What we learned from the subway flasher

The perpetrator from the viral video has been charged, but are we doing enough to stop these crimes?

By Tracy Clark-Flory

Published November 24, 2010 10:49PM (EST)

Stills from a video of a woman confronting a subway flasher
Stills from a video of a woman confronting a subway flasher

News came today that Mario Valdivia, the subway flasher caught on film getting reamed out by his victim, was arrested and charged with forcible touching, public lewdness and sex abuse. I would call this a "happy ending," but it seems tasteless given the context. Also: There's the fact that the 51-year-old has reportedly faced similar charges in the past. It kind of makes you wonder about whether we're adequately addressing the issue of subway harassment.

In New York state, groping can result in punishment of up to one year in jail; and public indecency can bring a fine of up to $500, three months in jail and, if the judge thinks it's appropriate, registration under Megan's Law. Repeat flashers can face a year behind bars, three years of probation and a $1,000 fine. Those are some steep punishments. The problem, however, is that by most estimations these crimes are hugely underreported. Holly Kearl, author of "Stop Street Harassment: Making Public Places Safe and Welcoming for Women," wrote her graduate thesis on the subject and found that "few women looked to the law or police" after such incidents: "Only two percent of posters on anti-street harassment websites mentioned having reported the incident of street harassment to the police while less than one percent reported threatening to call the police." 
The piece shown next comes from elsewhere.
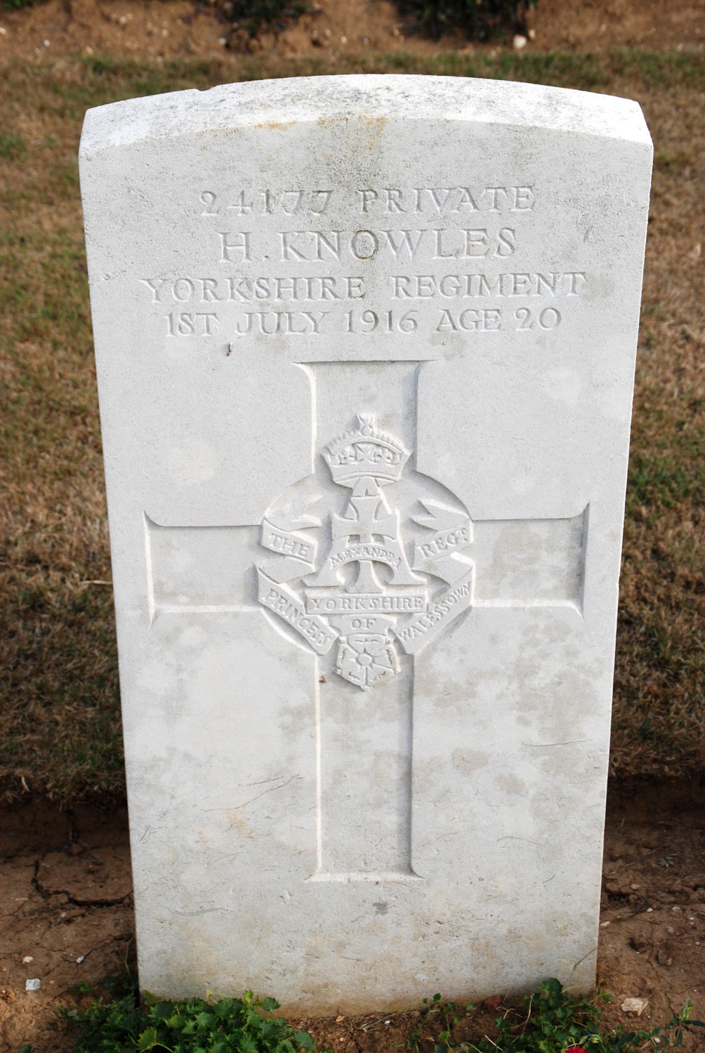 2nd Battalion Yorkshire Regiment. Son of George and Ellen Knowles, of Pateley Bridge, Yorks. Died 1 July 1916. Aged 20. Born Pately Bridge (Yorks), Enlisted Tanfield Lodge, Resided Pately Bridge. |

Websites like Hollaback -- which publishes photos and videos of harassers, including this latest one -- and organizations like New Yorkers for Safe Transit (NYST) are agitating for women to speak out about gropers and flashers. Of course, it's hard to say just how well those campaigns are working, since data is so hard to come by. Anecdotally, says Kearl, "I've seen many more arrests in the news from cellphone photos and videos. So, it's very hard to say accurately if the reports are on the rise but I have to imagine and hope that they are, at least in the areas where women are encouraged to do that, especially NYC." In the last few years, many cities have rolled out anti-harassment PSAs on public transportation, the idea being that it will raise awareness and lead to more reporting; and Kearl is putting pressure on these transit agencies to release information on the impact.

Women's resistance to reporting harassment is far from the only hurdle here: A quick perusal of the NYST blog reveals plenty of stories of women who have found that police shrug off reports of flashers and gropers. Not helping the matter any, "the NYPD only tracks assaults that fall into the felony range, which often doesn't include [cases where] victims are ogled, groped, flashed, harassed or witness any other types of lewd acts." This summer, New York Assemblyman James Brennan tried to change all that by introducing a measure that would require police to track groping and other sexual abuse on each subway and bus line. Kearl hopes to see things go even further. From the available evidence -- which, again, is scant -- she says it appears that "many men who street harass are repeat offenders." The next step, she says, is studying men like Valdivia to determine why they do it, and how to prevent them from doing it again.